下图是本文介绍到的一些对象之间的引用关系图，实线表示强引用，虚线表示弱引用：

然后网上就传言，ThreadLocal会引发内存泄露，他们的理由是这样的：

如上图，ThreadLocalMap使用ThreadLocal的弱引用作为key，如果一个ThreadLocal没有外部强引用引用他，那么系统gc的时候，这个ThreadLocal势必会被回收，这样一来，ThreadLocalMap中就会出现key为null的Entry，就没有办法访问这些key为null的Entry的value，如果当前线程再迟迟不结束的话，这些key为null的Entry的value就会一直存在一条强引用链：
Thread Ref -> Thread -> ThreaLocalMap -> Entry -> value
永远无法回收，造成内存泄露。

我们来看看到底会不会出现这种情况。

其实，在JDK的ThreadLocalMap的设计中已经考虑到这种情况，也加上了一些防护措施，下面是ThreadLocalMap的getEntry方法的源码：

        private Entry getEntry(ThreadLocal<?> key) {
            int i = key.threadLocalHashCode & (table.length - 1);
            Entry e = table[i];
            if (e != null && e.get() == key)
                return e;
            else
                return getEntryAfterMiss(key, i, e);
        }

getEntryAfterMiss函数的源码：

private Entry getEntryAfterMiss(ThreadLocal<?> key, int i, Entry e) {
     Entry[] tab = table;
     int len = tab.length;

     while (e != null) {
         ThreadLocal<?> k = e.get();
         if (k == key)
             return e;
         if (k == null)
             expungeStaleEntry(i);
         else
             i = nextIndex(i, len);
         e = tab[i];
     }
     return null;
 }

expungeStaleEntry函数的源码：

        private int expungeStaleEntry(int staleSlot) {
            Entry[] tab = table;
            int len = tab.length;

            // expunge entry at staleSlot
            tab[staleSlot].value = null;
            tab[staleSlot] = null;
            size--;

            // Rehash until we encounter null
            Entry e;
            int i;
            for (i = nextIndex(staleSlot, len);
                 (e = tab[i]) != null;
                 i = nextIndex(i, len)) {
                ThreadLocal<?> k = e.get();
                if (k == null) {
                    e.value = null;
                    tab[i] = null;
                    size--;
                } else {
                    int h = k.threadLocalHashCode & (len - 1);
                    if (h != i) {
                        tab[i] = null;

                        // Unlike Knuth 6.4 Algorithm R, we must scan until
                        // null because multiple entries could have been stale.
                        while (tab[h] != null)
                            h = nextIndex(h, len);
                        tab[h] = e;
                    }
                }
            }
            return i;
        }

整理一下ThreadLocalMap的getEntry函数的流程：

首先从ThreadLocal的直接索引位置(通过ThreadLocal.threadLocalHashCode & (len-1)运算得到)获取Entry e，如果e不为null并且key相同则返回e；

如果e为null或者key不一致则向下一个位置查询，如果下一个位置的key和当前需要查询的key相等，则返回对应的Entry，否则，如果key值为null，则擦除该位置的Entry，否则继续向下一个位置查询。

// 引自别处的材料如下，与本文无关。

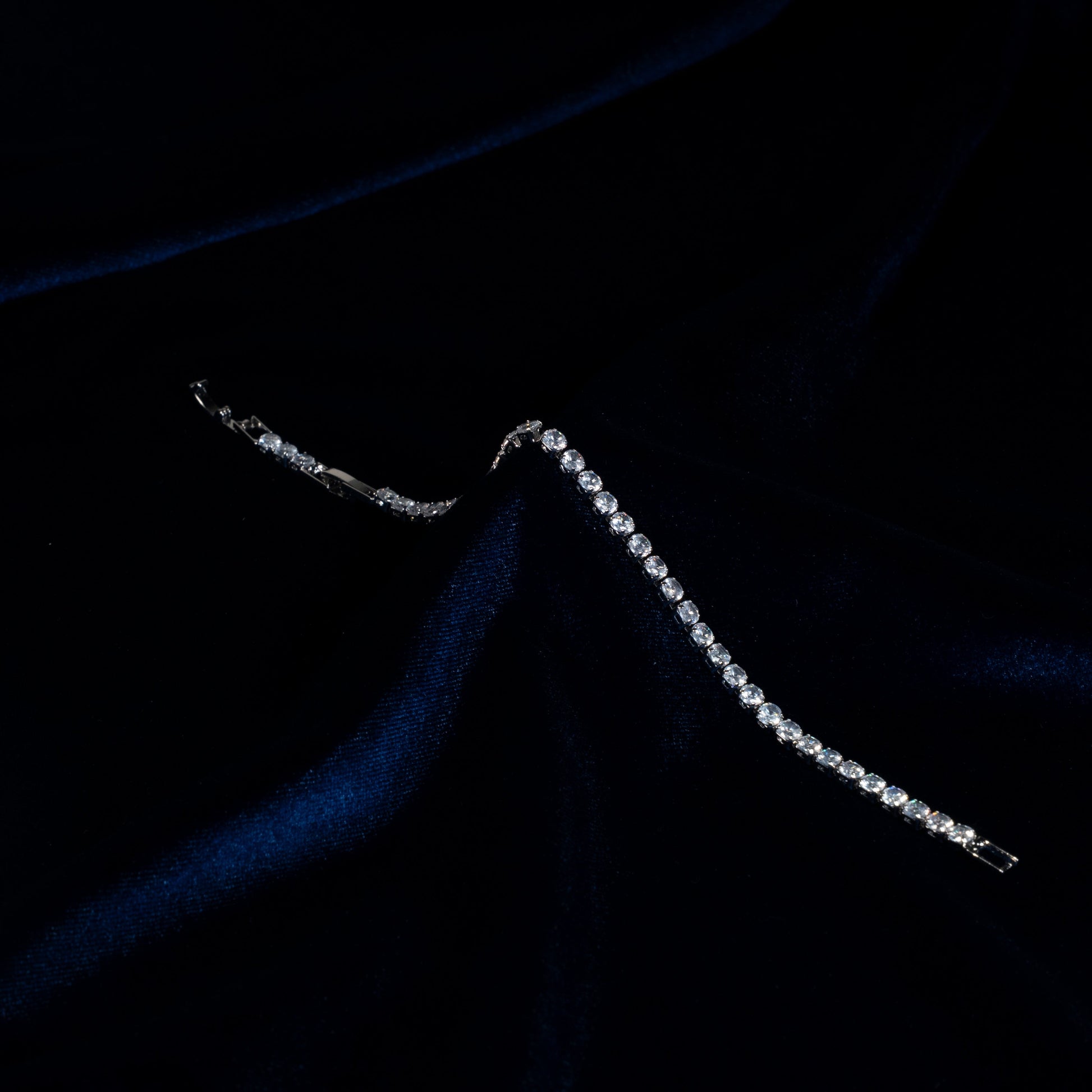 Tek tek dizilmiş taş detaylarıyla bilekte güçlü bir ışıltı oluşturan bu bileklik, klasik ve iddialı bir görünüm sunar. Dengeli yapısı sayesinde bileği zarif şekilde sarar, tek başına kullanıldığında şık bir vurgu oluşturur. Özel gün kombinlerinden günlük şıklığa kadar geniş kullanım alanına sahiptir ve zamansız tasarımıyla uzun süre stilin bir parçası olur.
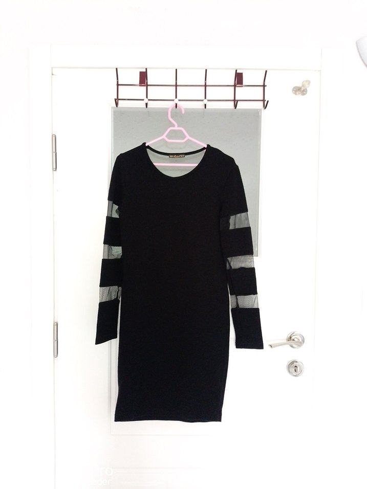 Siyah, uzun kollu, triko kumaştan midi elbise. Dar kesim, yuvarlak yaka ve kollarda şeffaf şerit detaylarıyla minimalist goth tarzı yansıtıyor. Kış için uygun 38 Beden

在这个过程中遇到的key为null的Entry都会被擦除，那么Entry内的value也就没有强引用链，自然会被回收。仔细研究代码可以发现，set操作也有类似的思想，将key为null的这些Entry都删除，防止内存泄露。

但是光这样还是不够的，上面的设计思路依赖一个前提条件：要调用ThreadLocalMap的getEntry函数或者set函数。这当然是不可能任何情况都成立的，所以很多情况下需要使用者手动调用ThreadLocal的remove函数，手动删除不再需要的ThreadLocal，防止内存泄露。所以JDK建议将ThreadLocal变量定义成private static的，这样的话ThreadLocal的生命周期就更长，由于一直存在ThreadLocal的强引用，所以ThreadLocal也就不会被回收，也就能保证任何时候都能根据ThreadLocal的弱引用访问到Entry的value值，然后remove它，防止内存泄露。